'''

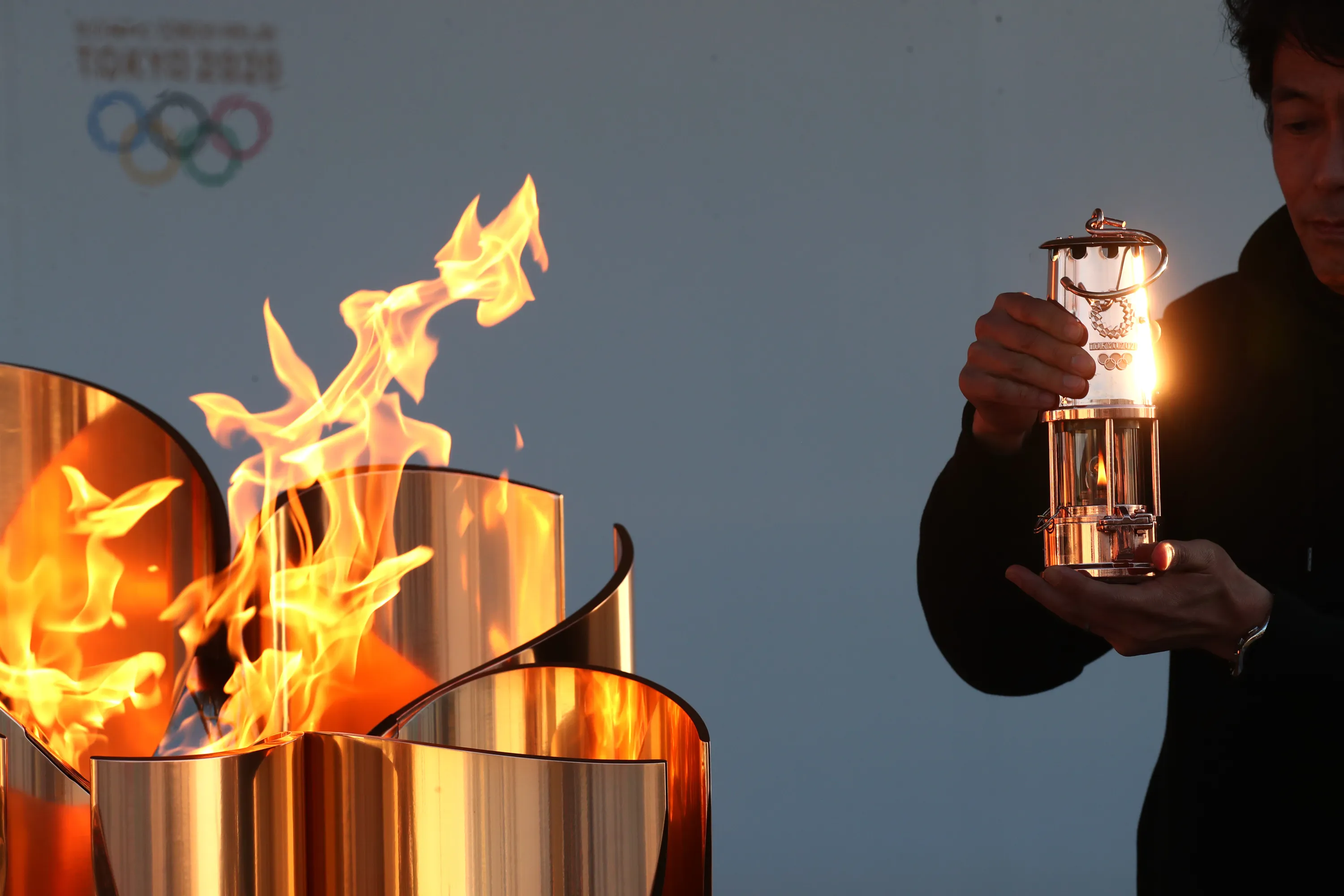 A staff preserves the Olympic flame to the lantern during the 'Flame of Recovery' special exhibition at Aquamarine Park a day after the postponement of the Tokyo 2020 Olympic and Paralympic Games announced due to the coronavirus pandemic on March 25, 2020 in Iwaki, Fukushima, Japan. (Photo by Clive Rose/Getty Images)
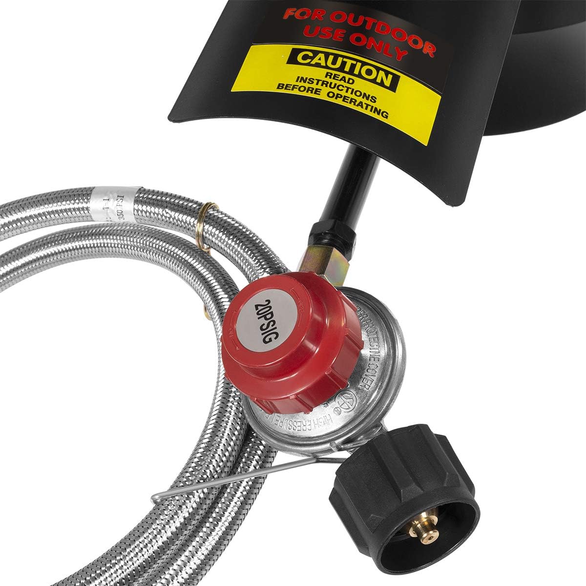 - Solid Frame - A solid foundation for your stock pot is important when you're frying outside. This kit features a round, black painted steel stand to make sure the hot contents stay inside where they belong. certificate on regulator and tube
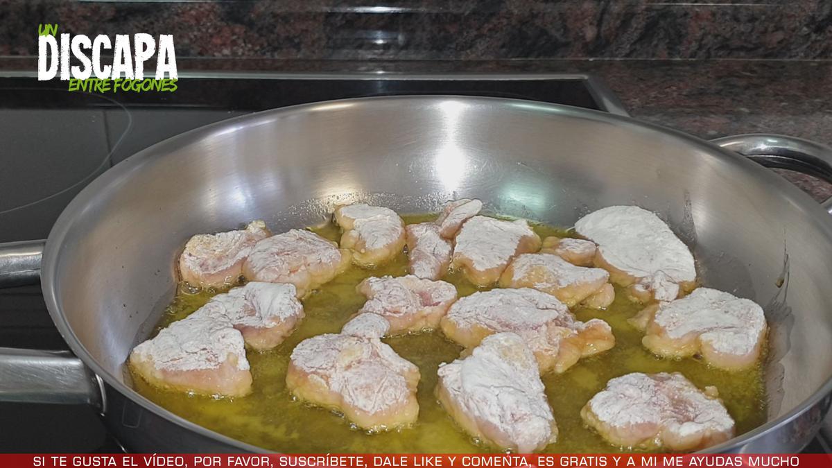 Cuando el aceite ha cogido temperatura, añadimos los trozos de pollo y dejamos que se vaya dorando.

'''

WORK INSTRUCTION. Write out nothing but the lines from the start of the data through the line with "- Solid Frame". Leave out the pictures.

COMPLETED TASK.
 A staff preserves the Olympic flame to the lantern during the 'Flame of Recovery' special exhibition at Aquamarine Park a day after the postponement of the Tokyo 2020 Olympic and Paralympic Games announced due to the coronavirus pandemic on March 25, 2020 in Iwaki, Fukushima, Japan. (Photo by Clive Rose/Getty Images)
 - Solid Frame - A solid foundation for your stock pot is important when you're frying outside. This kit features a round, black painted steel stand to make sure the hot contents stay inside where they belong. certificate on regulator and tube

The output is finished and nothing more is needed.